Many moons ago, mom/dad went with my mom’s sister and her daughter, my little niece Savannah. Nice name huh? Savannah must have been about two and they decided to do a night time horse and buggy haunted ghost tour. It must have been scary too because little Savannah stayed camped out inside of mom’s hoodie the entire horse and buggy tour.
One of the last places on the tour was a little house called the 17 Hundred 90 Inn and Tavern. It’s a quaint little place, not so scary during the day but a night – chills. The 17 Hundred 90 Inn and Tavern is located at 306 East President Street, Savannah. The bottom floors have a restaurant and bar area while the upper floors have 14 suites in the inn. It has a long history of untimely death and ghosts. It was originally built in 1820 and is one of the oldest buildings in the Savannah area.
The most paranormal activity revolves around poor sweet Anna who fell from the window of room 204. There are many stories about poor Anna – we really don’t know which one is the truth.
One story states that she was married to the designer of the home, Steel White, who died in 1790 in a tragic riding accident. Anna fell in love with a German sailor who went off to sea and promised to return but never did. Anna found out that she was pregnant and realized that the German sailor never meant to return. In despair, she jumped to her death from room 204.
Another story similar to the one above with Anna has Anna being a servant at the inn instead of being married to the designer of the home. The end is the same result though, her untimely death.
People have reported the ghost of poor Anna leaning over them while they sleep in room 204. Other stories are of Anna caressing men’s cheeks and as they wake they see Anna crying and then jumping to her death out the window. Items are also often reported missing – wallets, jewelry, keys – all of which are later found mysteriously in a planter or behind a shelf.
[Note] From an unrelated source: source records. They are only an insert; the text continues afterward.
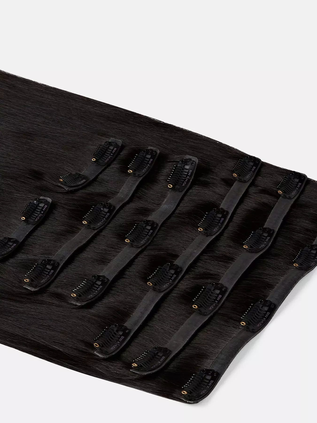 Experience the most natural-looking clip-in extensions with Beauty Works x Huda. This full 7-piece clip-in set of 100% Remy human hair, provides maximum coverage, blending effortlessly with your hair for a flawless finish.These lightweight extensions mimic the scalp for an undetectable, barely-there look. Add volume, fullness, or colour without the weight, perfect for concealing thinning areas or boosting your hair's natural thickness. The extensions allow you to experiment with colour, whether you're adding highlights, lowlights, or a contrasting hue, all without the commitment of dyes.
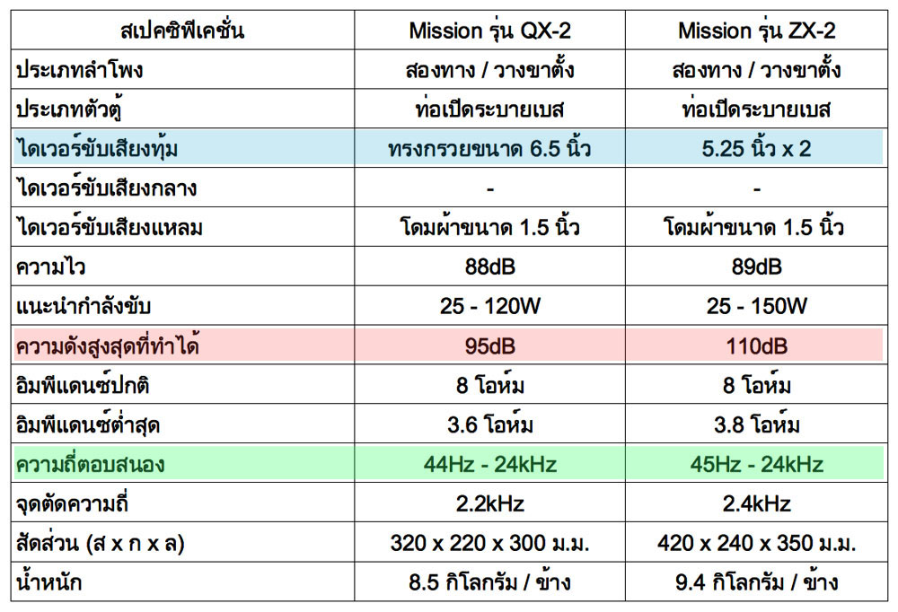 ผมใช้เวลาหาข้อมูลของลำโพงสองรุ่นนี้ทางเว็บไซต์อยู่พักหนึ่ง ได้อะไรมาไม่มากนัก ข้อมูลที่พบก็คือ ZX-2 เป็นรุ่นที่อยู่ในซีรี่ย์ “ใหญ่กว่า” รุ่น QX-2 แม้ว่าทั้ง QX-2 และ ZX-2 ต่างก็อยู่ในลำดับที่สองของแต่ละอนุกรมเหมือนกัน ทว่า อนุกรม ZX ถูกจัดอยู่ในลำดับชั้นที่สูงกว่าอนุกรม QX ซึ่งในเว็บไซต์ของ Mission เองก็แจกแจงรายละเอียดเอาไว้ชัดเจนว่าในการออกแบบนั้น รุ่น ZX-2 ใช้วัสดุและอุปกรณ์ที่มีคุณภาพสูงกว่า ด้วยเหตุนี้ ถ้าเอา ZX-2 กับ QX-2 มาฟังเทียบกัน รุ่น ZX-2 ควรจะ “ต้อง” ให้คุณภาพเสียงออกมา “ดีกว่า” รุ่น QX-2 เพราะเป็นรุ่นที่ใหญ่กว่า
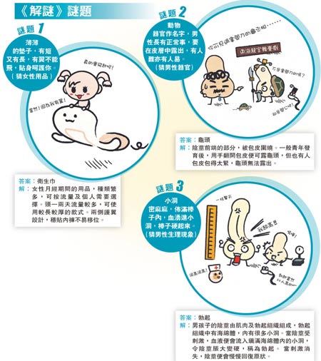 負(fù)責(zé)策劃《解謎》的家計(jì)會(huì)教育干事陳耀杰表示,《解謎》的版面設(shè)計(jì)十分可愛,從封面到內(nèi)頁都輔以不少生動(dòng)的漫畫,希望吸引小朋友閱讀,該書采一問一答形式,方便家長(zhǎng)和教師與小朋友打開話題,輕松無尷尬地談性,“家長(zhǎng)可先猜猜謎,由謎語游戲開始,玩一會(huì)才向子女灌輸性教育”。
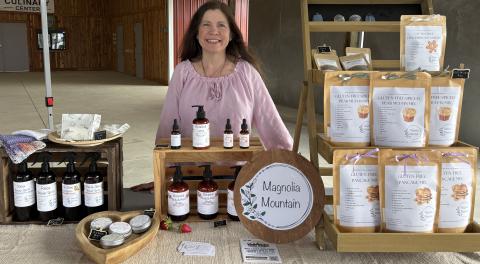 Tanya Leehans’ Magnolia Mountain had her first Market appearance with homemade natural body and home care products. Tanya’s dad was the VP of a natural supplement company, and she grew up using and learning about natural ingredients. Her goat milk soap, mango, and shea butter are all beautifully and professionally packaged.
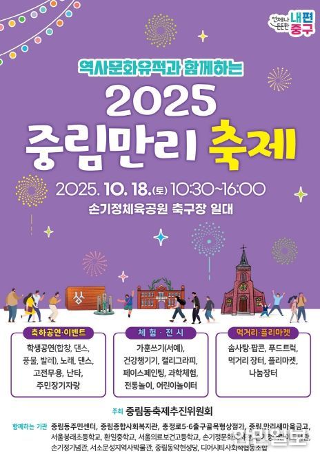 한민일보 서울포커스 김서윤 기자 | 서울 중구는 중림동 손기정체육공원 축구장 일대에서 오는 18일(토) 오전10시부터 오후6시까지‘2025 중림만리 축제’가 열린다고 밝혔다.

Stories were so rampant at one point in room 204 that the 17 Hundred 90 Inn and Tavern required any patron staying in the room to sign a waiver stating they would not request their money back should they not stay the entire night. Nowadays, it is no longer required because most people wanting room 204 are hoping for a little ghost sighting of poor sweet Anna.

So this story was told on horse and buggy ride late at night through the streets of Savannah. Mom, Dad, my Aunt Tina and two year old niece Savannah who was taking up shop under mom’s hoodie. The mood was set. It was dark, a little misty. All you could hear was the clickey-clack of the horses feet, an occasional snarl from the horse and the soft tale of Anna coming for the tour guide. That’s when my niece Savannah decided to poke her head out to the world and say in her little child like voice, “Poor Anna”.
So do you believe in ghosts, spooks and things that go bump in the night? Do you have a little adventure still left in you? Want a weekend trip at a haunted inn – I’ve heard that the 17 Hundred 90 has open reservations…. if you dare my friends.